Brief Biochemistry of Brazzein, a Sweet Tasting Protein

This protein was quite fun in modelling considering its secondary structures. I will admit though that I have a newfound appreciation for molecular chaperones, the proteins that assist with non-covalently folding other proteins. Below is an example of my brazzein wire model:

Derived from the berries of a West African plant, the Pentadiplandra brazzeana Baillon, brazzein is one of the sweetest and the smallest of the sweet tasting proteins. In fact, this 54 amino acid long protein can be 500 to 2000 times sweeter than sucrose. The presence of PyrE (pyroglutamic acid) at the N-terminus of brazzein is known to cap sweetness at the lower aformentioned levels, thus cleaving PyrE increases sweetness. So far, studies have shown that only humans and Old World primates can taste brazzein’s sweetness. This occurrence is best explained by the activation of human sweet receptors, heterodimeric G-protein coupled receptors (GPCRs), by brazzein.

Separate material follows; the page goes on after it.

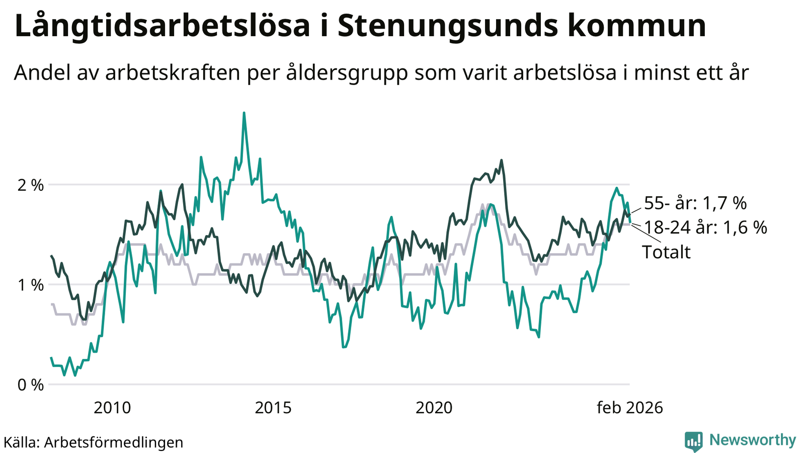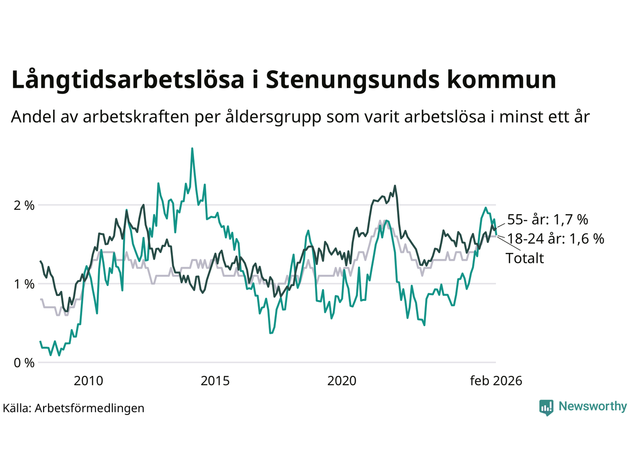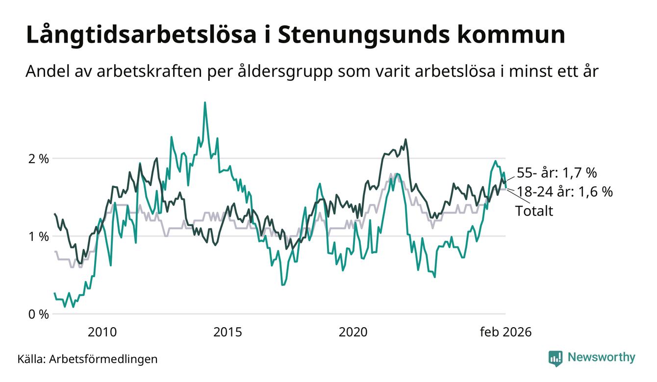 Av de 225 personerna som varit arbetslösa i mer än ett år i Stenungsunds kommun är 56 personer mellan 55 och 661 år och 24 är mellan 18 och 24 år. För den äldre gruppen är andelen arbetslösa 1,7 procent medan den i den yngre gruppen är 1,6 procent. Även i riket som helhet är långtidsarbetslösheten högre i gruppen äldre.

The structure of brazzein plays a critical role in sweetness. As with most other proteins found in nature, the most common stereoisomer of this protein is the L-enantiomer. The D-enantiomer, or the mirrored image, can be prepared by synthesizing brazzein with the fluoren-9-yl-methoxycarbonyl (Fmoc) solid-phase method, a pepetide synthesis technique originally developed by Robert Bruce Merrifield. Interestingly enough,  D-brazzein has no sweetness and was in fact tasteless most likely due to minimal to no human taste receptor binding. The counterpart L-brazzein is quite a hardy protein with exceptional heat and pH stability maintaining its sweetness at a high of 98°C for two hours in a pH range of 2.5-8. This stability is mainly credited by its four intramolecular disulfide bonds and no free sulfhydryl groups.

Ironically, the brazzein fold comprising of one bent alpha helix and three strands of antiparallel beta-sheets shares the same Scorpion-toxin like domain as some small potent scorpion toxins such as TsKapa, a potassium channel blocker. A structural resemblance is also found in plant gamma-thionins and defensins yet this sweet protein has no published harmful side effects when consumed.

P&S

References

Hellekant, G. & Danilova, V. (2005). Brazzein a Small, Sweet Protein: Discovery and Physiological Overview. Chemical Senses, 30(suppl 1), i88-i89.

Assadi-Porter, F. M., Maillet, E. L., Radek, J. T., Quijada, J., Markley, J. L. & Max, M. (2010). Key amino acid residues involved in multi-point binding interactions between brazzein, a sweet protein, and the T1R2-T1R3 human sweet receptor. Journal of Molecular Biology, 398(4), 584–599.

Caldwell, J.E,, Abildgaard, F., Dzakula, Z., Ming, D., Hellekant, G. & Markley, J.L. (1998). Solution structure of the thermostable sweet-tasting protein brazzein. Natural Structural Biology, 5(6), 427-31.

Izawa, H., Ota, M., Kohmura, M. & Ariyoshi, Y. (1996). Synthesis and characterization of the sweet protein brazzein. Biopolymers, 39(1), 95-101.